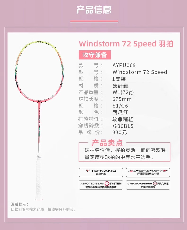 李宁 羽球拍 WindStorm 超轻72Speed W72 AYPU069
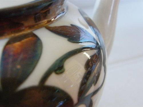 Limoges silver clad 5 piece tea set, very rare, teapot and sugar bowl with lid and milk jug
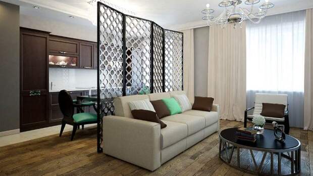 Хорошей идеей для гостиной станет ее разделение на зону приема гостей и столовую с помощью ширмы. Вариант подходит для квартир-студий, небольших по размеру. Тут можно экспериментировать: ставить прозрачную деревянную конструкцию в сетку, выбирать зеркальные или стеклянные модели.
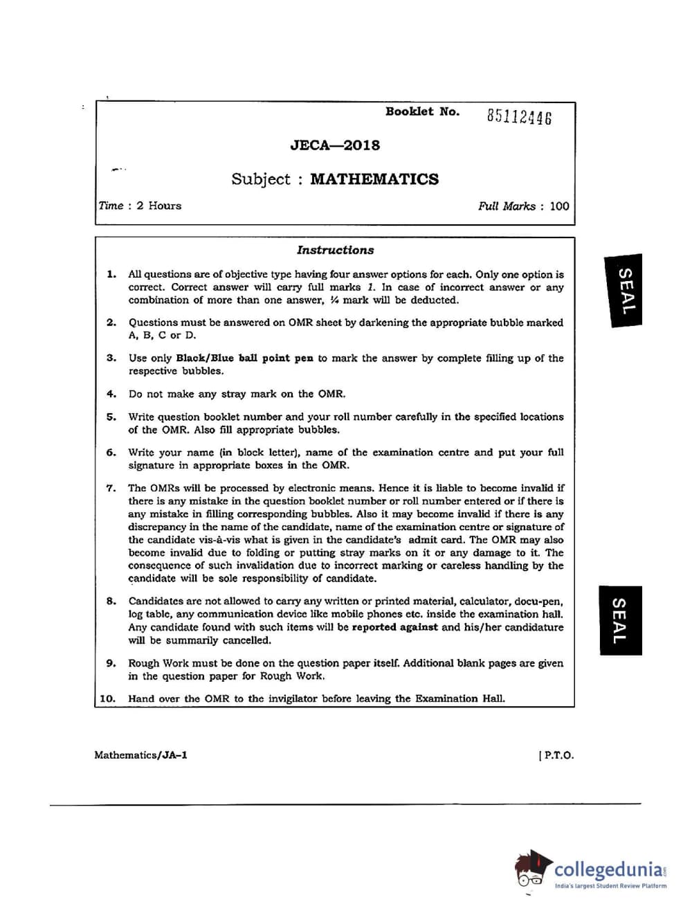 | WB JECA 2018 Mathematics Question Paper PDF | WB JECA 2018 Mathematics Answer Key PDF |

Aim of the task: Would you print all of the material exactly as written, minus the pictures?

Result below:
 李宁 羽球拍 WindStorm 超轻72Speed W72 AYPU069
 Limoges silver clad 5 piece tea set, very rare, teapot and sugar bowl with lid and milk jug
 Хорошей идеей для гостиной станет ее разделение на зону приема гостей и столовую с помощью ширмы. Вариант подходит для квартир-студий, небольших по размеру. Тут можно экспериментировать: ставить прозрачную деревянную конструкцию в сетку, выбирать зеркальные или стеклянные модели.
 | WB JECA 2018 Mathematics Question Paper PDF | WB JECA 2018 Mathematics Answer Key PDF |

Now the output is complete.